The way it gets the end of the fp literal is to relex the token with code in Lexer::MeasureTokenLength.

Given a SourceLocation and the length of the token (as returned by MeasureTokenLength) you can get the exact original spelling (including trigraphs and escaped newlines, beware). The pointer to the start of the string is obtained with:

const char *StrData = SourceMgr.getCharacterData(Loc);

  1. need to reason on the textual representation that was used in the
    program also for integer literals (for example, there are coding
    rules that forbid the use of octal constants: the analyzer should
    flag their use in the source program).

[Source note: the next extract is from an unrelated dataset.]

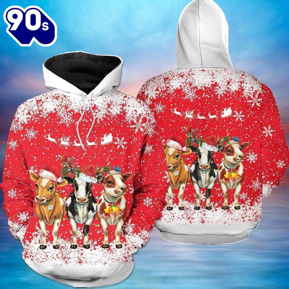 Cows Christmas Hoodie All Over Print , Pet Christmas 3d Shirt

Sure, Clang can handle this sort of thing with no problem.

-Chris

Chris Lattner wrote:

I have still a problem. Consider the following program:

#define N_OF_ELEM 037;
int a = N_OF_ELEM;

Using the method you suggest I have that the textual representation of the
integer literal in the right hand side of the assignment is `N_OF_ELEM'.

It seems Lexer::MeasureTokenLength() automatically changes the SourceLocation
using clang::SourceManager::getLogicalLoc() . In my case it shouldn't.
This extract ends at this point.